Подруга долго меня уговаривала, льстила, взывала к совести, давила на жалость.
— Ну, вот бросит меня Славка, женится на какой-нибудь девке деревенской… Кто тогда виноват будет?.. Ты, конечно… Не смогла подруге помочь…

После ее последних слов я почти «сломалась».

— А как же почерк, у тебя жених, что – слепой? Не увидит, что письма разной рукой писаны.

— Ну, Ир, ты сама, как из тундры. Кто ж сейчас письма от руки пишет. По-моему, компьютеры сейчас даже у первоклашек есть. Я текст на компе набиваю, распечатываю и – в конверт. Как говорится: «лети с приветом, вернись с ответом».

К Майке опять возвращалась ее улыбчивость, простота и, я бы даже сказала, беспечность. Она чмокнула меня в щеку и убежала переодеваться. На выходе из конюшни нас ждал Майкин отец, моложавый, но уже с заметно выделяющимся под модным свитером «пивным» животиком.

— Что, красавицы, с ветерком? Не обидите?.. Тогда вмиг доставлю, куда пожелаете…
В машине подруга всё продолжала меня уговаривать, и в конце пути я уже окончательно сдалась. Уговорила она меня тогда.

Дома, поздно вечером, боясь, что завтра пойду на попятную, я принялась за письмо Майкиному жениху: «Здравствуй, дорогой Славик», – набрала я… Нет, не то… Так дело не пойдет. Вряд ли Майка начинает свои редкие письма с такого обращения. Удалив первую строку, я начала заново: «Славка, привет!» Да, правильно, именно так. Теперь дело пошло веселее. Управилась я быстро, отправила текст Майке на e-mail и легла спать. Да, Интернет – дело великое!
Наутро меня разбудил звонок. Подруга, захлебываясь от восторга, кричала в трубку что-то несвязное. Я с трудом поняла, что ей все понравилось, что мне респект и отдельное спасибо. Правда, она убрала из письма несколько слов, совершенно несвойственных ее лексикону. Но, в общем, осталась очень довольна, и предложила мне продолжать в том же духе…

Отправив трубку на базу, я призадумалась. Во что же это я втравилась, и зачем мне все это надо… Помочь подруге?.. Наверное, так… Нет, вряд ли… Тогда зачем?.. Размышляя над сложившейся ситуацией, я вдруг поняла: мне просто захотелось каких-то, пусть виртуальных, но отношений с мужчиной, поскольку в реальном мире у меня такового не наблюдалось. Мой бывший бой-френд растаял в воздухе, не оставив после себя никаких вещественных примет: «Что ж, поиграем в любовь», — наивно подумала я тогда, — «глядишь, может и пригодится…».

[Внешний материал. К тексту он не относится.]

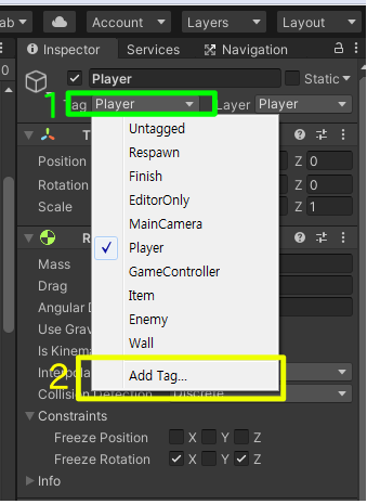 Tag는 Layer와 달리 많은 수의 Tag를 등록하여, 오브젝트를 구별하는 데 사용할 수 있습니다.
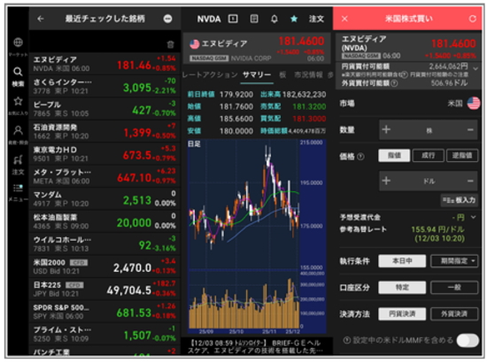 今回の最適化により、iPadでも国内株式に加え、米国株式、「かぶミニ(単元未満株取引)」、CFDの取引が可能となる。プロ投資家も利用する「アルゴ注文」や、「フル板」上での板発注機能「武蔵」に対応するほか、銘柄情報、チャート、注文画面など最大3つの情報を一画面に自由に配置できる。画面遷移を抑え、分析から発注までを効率的に完結できる点が特長である。
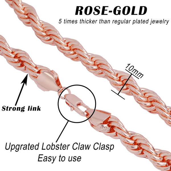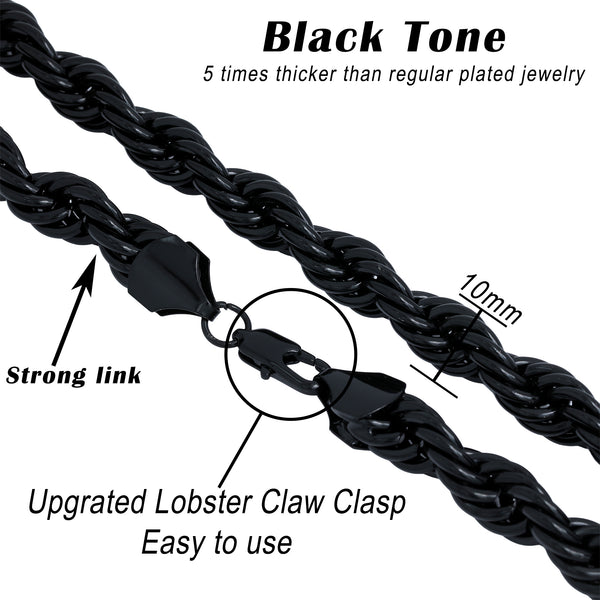 10mm/30" Thick Gold Rope Chain Gold Silver Black Rosegold
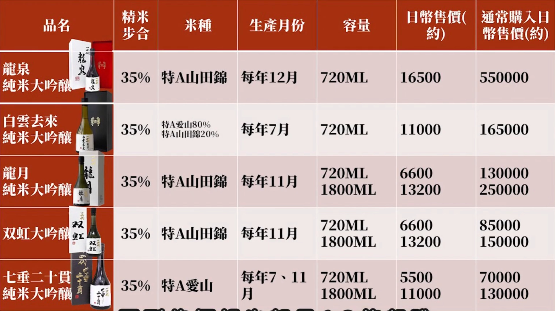 | 定価(1800ml) | 33,000円(720ml) |
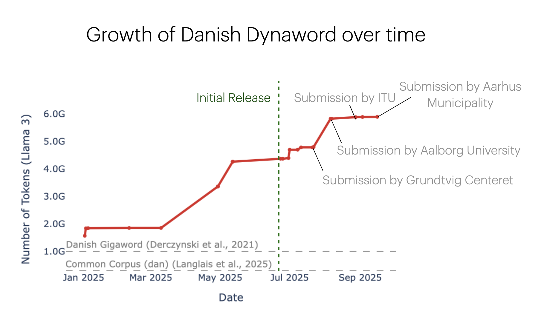 - Enevoldsen, K., Jensen, K. N., Kostkan, J., Szabó, B., Kardos, M., Vad, K., Núñez, A. B., Barmina, G., Nielsen, J., Larsen, R., & others. (2025). Dynaword: From one-shot to continuously developed datasets. arXiv Preprint arXiv:2508.02271. — Submitted at LREC
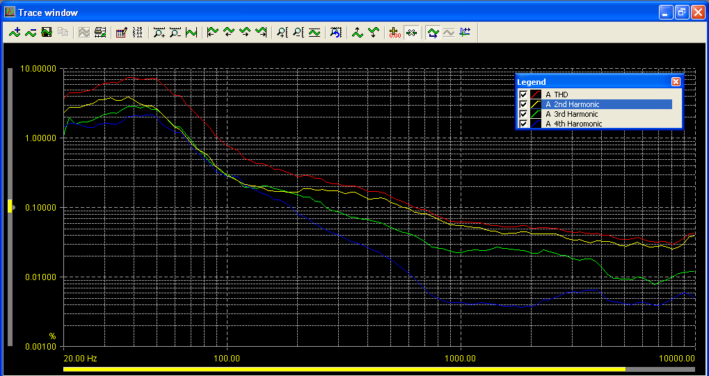 - Analysis is relatively slow for high resolution sweeps, especially for individual harmonic distortion results, which require an FFT result to be captured at each sweep step
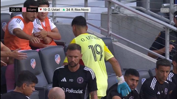 邁阿密門(mén)將烏斯塔里出擊拉傷,第25分鐘被替補(bǔ)門(mén)將諾沃替換下場(chǎng)
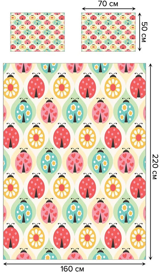 Серия: Божьи коровки с узорами Постельное белье изготовлено из мягкой и приятной на ощупь ткани с эффектом Soft Touch, состоящей из 30% хлопка и 70% полиэстера. Изделия из такого материала обладают повышенной износостойкостью, гипоаллергенными и дышащими свойствами, а также легко стираются и практически не мнутся. Принт нанесен на изделие с помощью сублимационной печати, благодаря чему рисунок сохраняет яркость вне зависимости от количества стирок. |
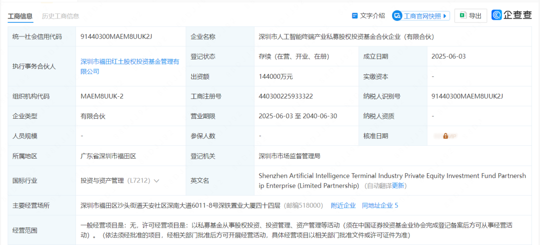 IPO递表在即,荣耀正积极地尝试多维度构建AI生态。 企查查App显示,近日,深圳市人工智能终端产业私募股权投资基金合伙企业(有限合伙)成立,出资额为14.4亿元,经营范围包含以私募基金从事股权投资、投资管 ...
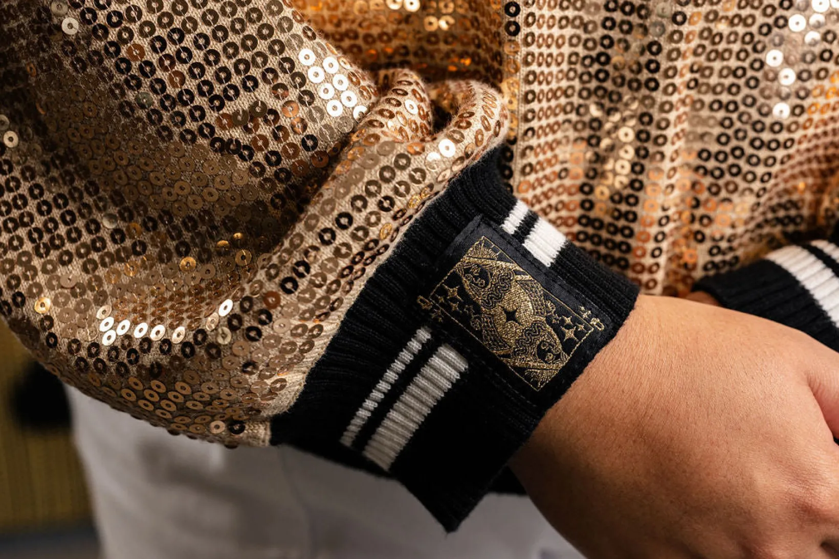 Get ready to dazzle in this LICENSED Gold Full Sequin Fleur De Lis Sweater! With shiny sequins covering every inch, you’ll stand out in any crowd. Plus, the iconic Fleur De Lis design adds an elegant touch. Stay stylish and show off your love for fashion in this unique sweater.
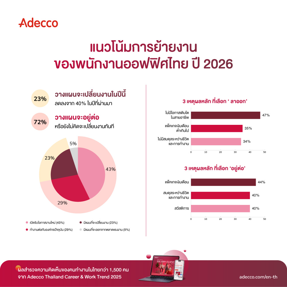 ผลสำรวจ Thailand Career & Work Trend 2025-2026 พบว่า 72% ของคนทำงานยังไม่มีแผนเปลี่ยนงานใน 12 เดือนข้างหน้า มีเพียง 23% ที่บอกว่ากำลังหางานใหม่อย่างจริงจัง ซึ่งลดลงอย่างมีนัยสำคัญจากปี 2567 ที่มีผู้มองหางานใหม่ถึง 40% สะท้อนความระมัดระวังและความต้องการความมั่นคงมากขึ้นในการทำงาน
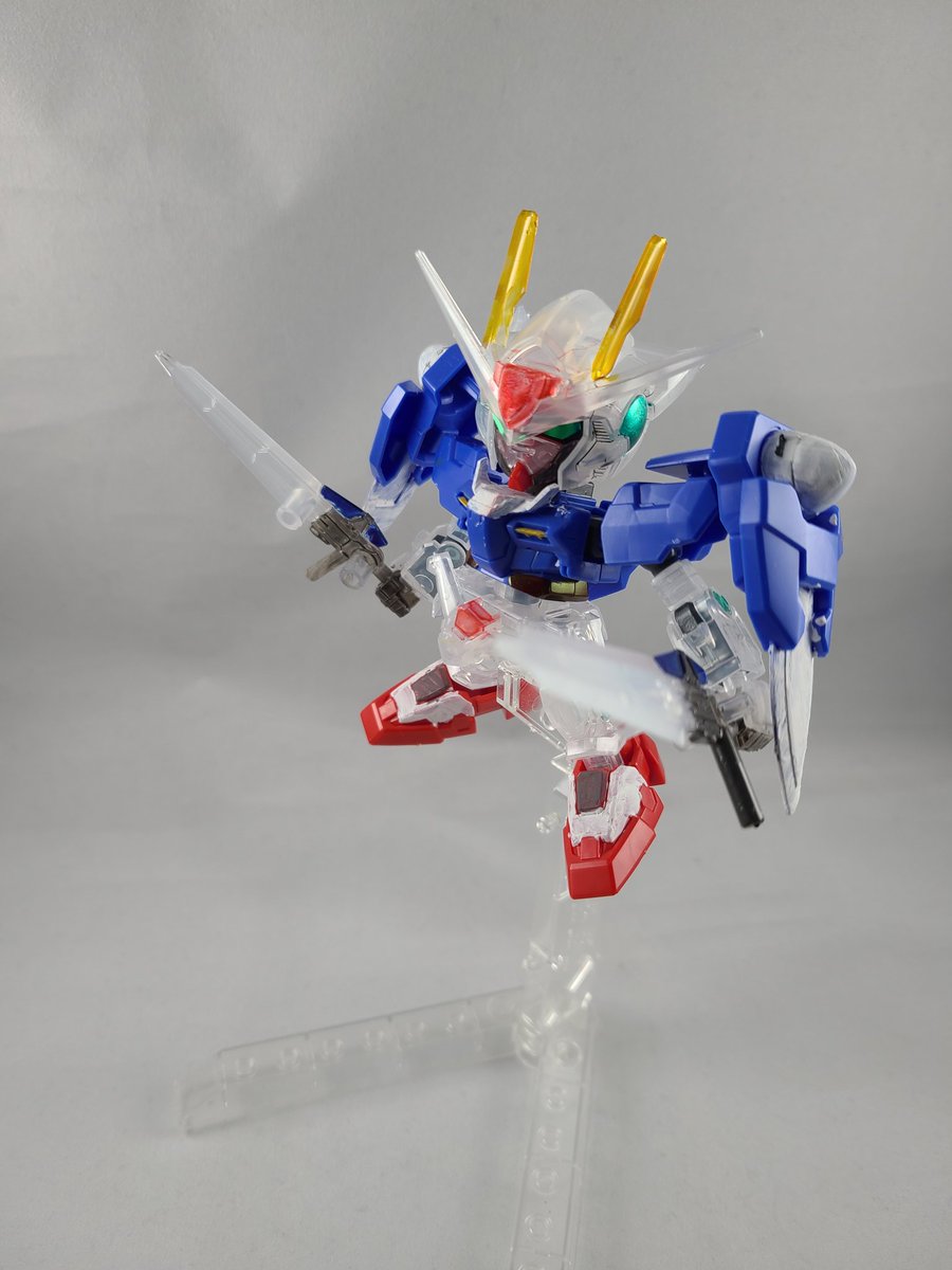 #ガンプラ #ガンプラの画像貼るとRTされると聞いて #ガンプラ好きな人たちと繋がりたい フラウロス部分塗装まだですが息抜きに一番くじのSDダブルオー雑になりましたが仕上げてみました 白部分クリアなのでクリアレッドとクリアイエロー使いました あとGNソードⅡはちょっと強引に連結も出来ます

Славкин ответ на мое письмо Майка получила быстро и тут же прибежала ко мне с очередной просьбой.
— Ириш, давай, пиши дальше. За мной торт.

— Ну, что за глупости? Какой торт? Я на диете… Худею…

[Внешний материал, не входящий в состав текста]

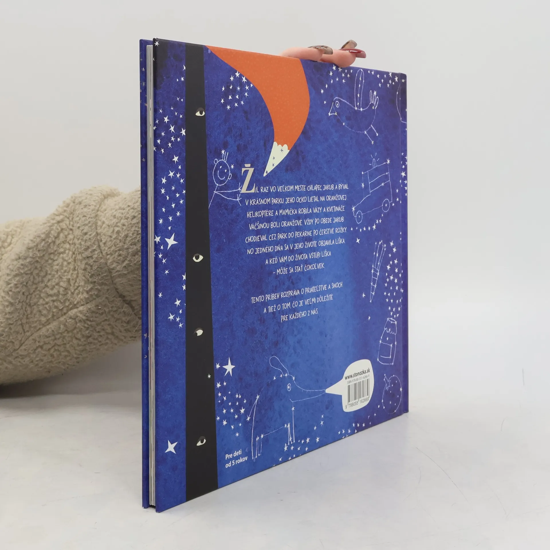 Žil raz vo veľkom meste chlapec, ktorý sa volal Jakub. On, ocko a mamička bývali v krásnom parku. Presnejšie, mali dom v strome, čo pamätal dávne časy. Ocko prevážal ľudí a veci na oranžovej helikoptére, zatiaľ čo mamička doma robila hlinené vázy a kvetináče. Väčšinou boli oranžové. Vždy po obede Jakub chodieval cez park do pekárne po čerstvé rožky. Jedného dňa sa v jeho živote objavila líška. A keď vám do života vstúpi líška – môže sa stať čokoľvek. Tento príbeh rozpráva o priateľstve a snoch. A tiež o tom, čo je veľmi dôležité pre každého z nás. Je to príbeh o šťastí.
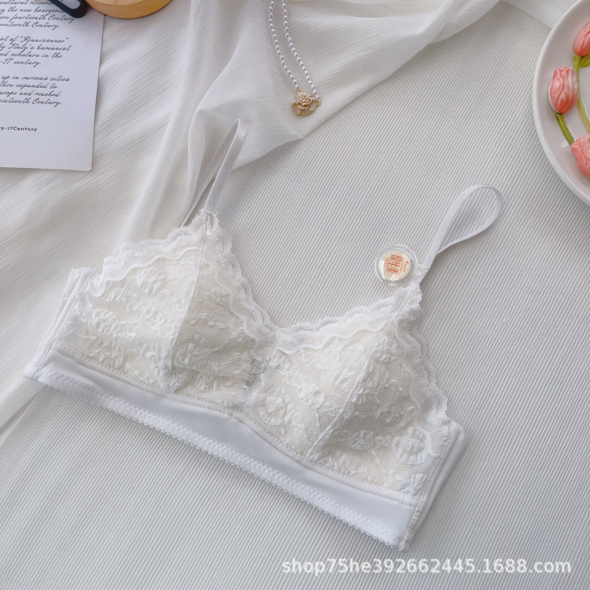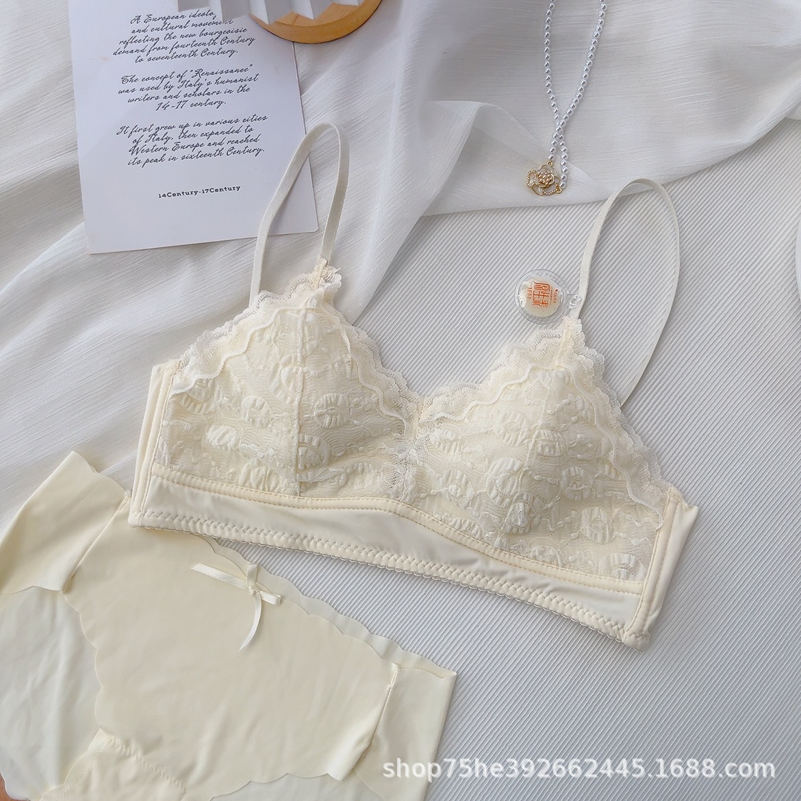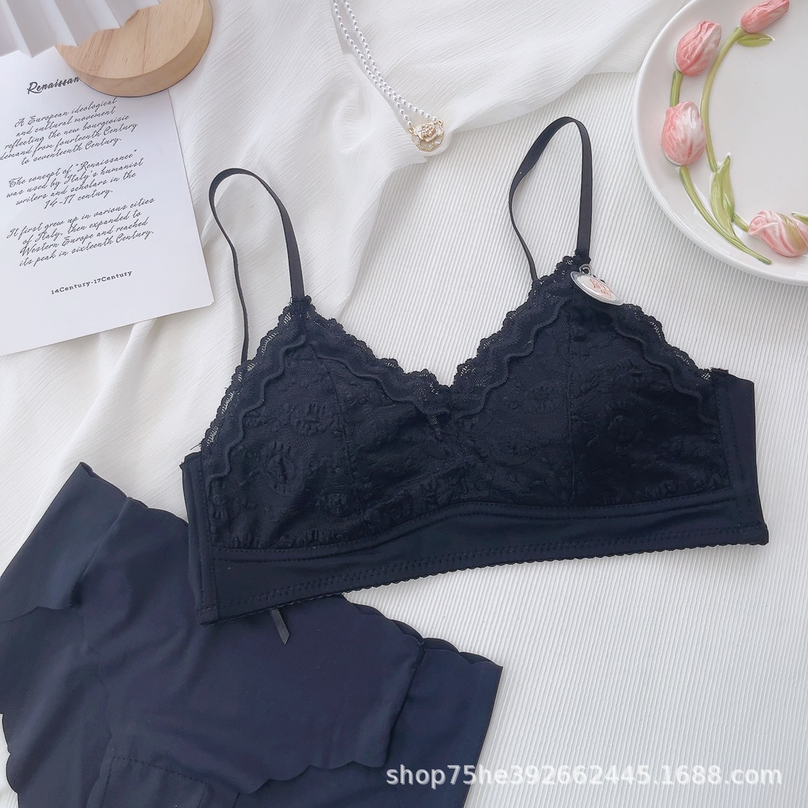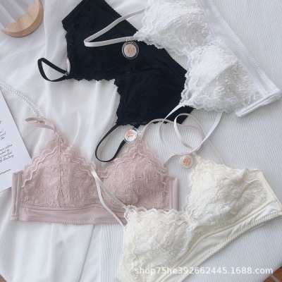 French style underwear for women with small breasts, comfortable and comfortable without steel rings, summer thin triangular cup girl bra set

Но Славкино письмо, написанное как раз от руки, простенькой шариковой ручкой, забрала. В глубинке, где он служил, компьютеров не было.

Красивый у него почерк, удивилась я, правда, размашистый, но, как сказала однажды Майка, довольно изящный. У мужчин редко встречается красивый почерк. Одно плохо, писать я ему могу только на компьютере, а ведь только строчки, написанные от руки могут передать и настроение, и чувства пишущего… Жаль, конечно, что эпистолярный жанр у нас совсем забыт… Жаль… Так, размышляя сама с собой, я принялась за новое письмо Майкиному жениху…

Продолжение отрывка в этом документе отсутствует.